[Input for this task]
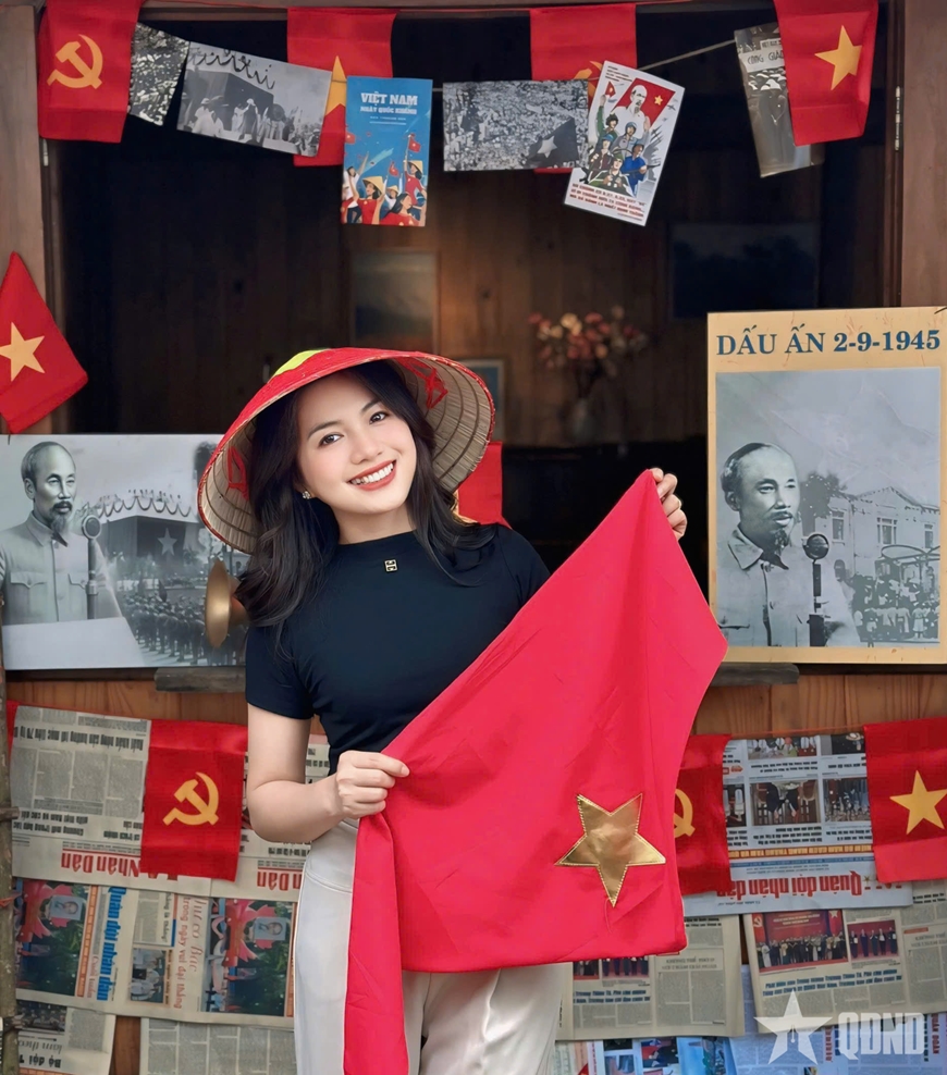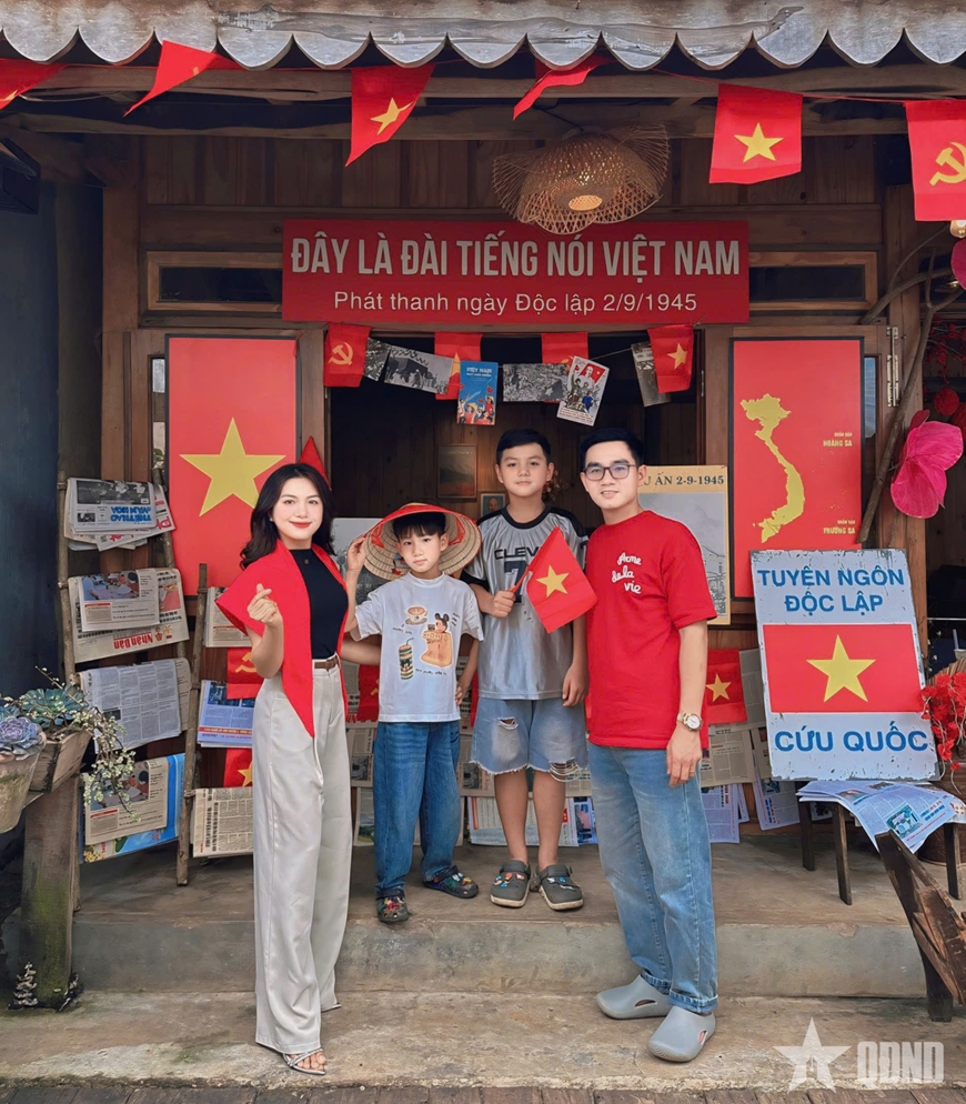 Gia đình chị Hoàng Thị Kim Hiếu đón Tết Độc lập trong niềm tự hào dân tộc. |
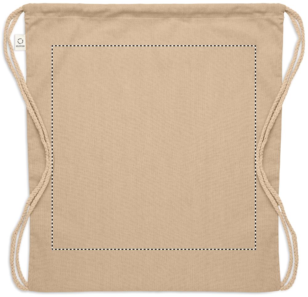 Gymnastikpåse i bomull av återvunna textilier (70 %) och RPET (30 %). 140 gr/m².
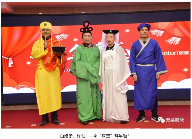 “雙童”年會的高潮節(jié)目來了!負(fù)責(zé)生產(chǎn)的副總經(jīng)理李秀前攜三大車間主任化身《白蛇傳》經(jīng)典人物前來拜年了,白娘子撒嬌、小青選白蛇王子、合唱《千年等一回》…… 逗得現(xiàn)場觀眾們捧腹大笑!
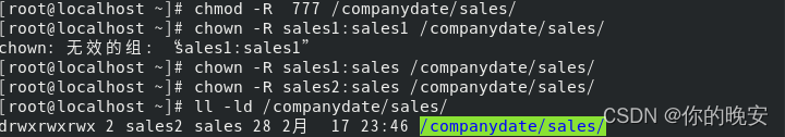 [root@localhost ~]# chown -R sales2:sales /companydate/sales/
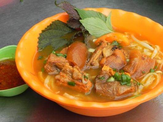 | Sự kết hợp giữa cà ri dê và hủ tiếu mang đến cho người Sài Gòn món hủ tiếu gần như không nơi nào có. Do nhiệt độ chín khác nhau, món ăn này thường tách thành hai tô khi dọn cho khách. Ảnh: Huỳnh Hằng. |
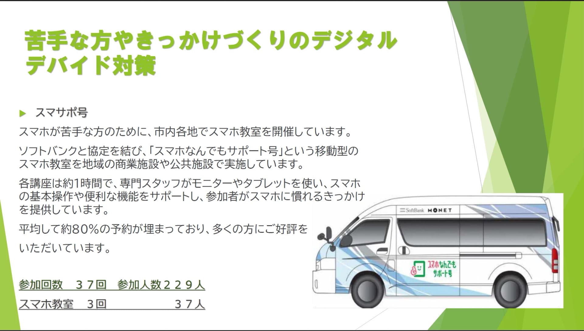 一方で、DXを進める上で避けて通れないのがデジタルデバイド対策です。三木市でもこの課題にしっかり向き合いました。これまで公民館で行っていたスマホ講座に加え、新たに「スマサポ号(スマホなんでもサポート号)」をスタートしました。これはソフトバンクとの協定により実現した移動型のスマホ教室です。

[Try it]
Leave the pictures out and restate exactly the lines from the one that has "Huỳnh Hằng. |" through the final line of the entries above, both ends included.

[Solved exercise]
 | Sự kết hợp giữa cà ri dê và hủ tiếu mang đến cho người Sài Gòn món hủ tiếu gần như không nơi nào có. Do nhiệt độ chín khác nhau, món ăn này thường tách thành hai tô khi dọn cho khách. Ảnh: Huỳnh Hằng. |
 一方で、DXを進める上で避けて通れないのがデジタルデバイド対策です。三木市でもこの課題にしっかり向き合いました。これまで公民館で行っていたスマホ講座に加え、新たに「スマサポ号(スマホなんでもサポート号)」をスタートしました。これはソフトバンクとの協定により実現した移動型のスマホ教室です。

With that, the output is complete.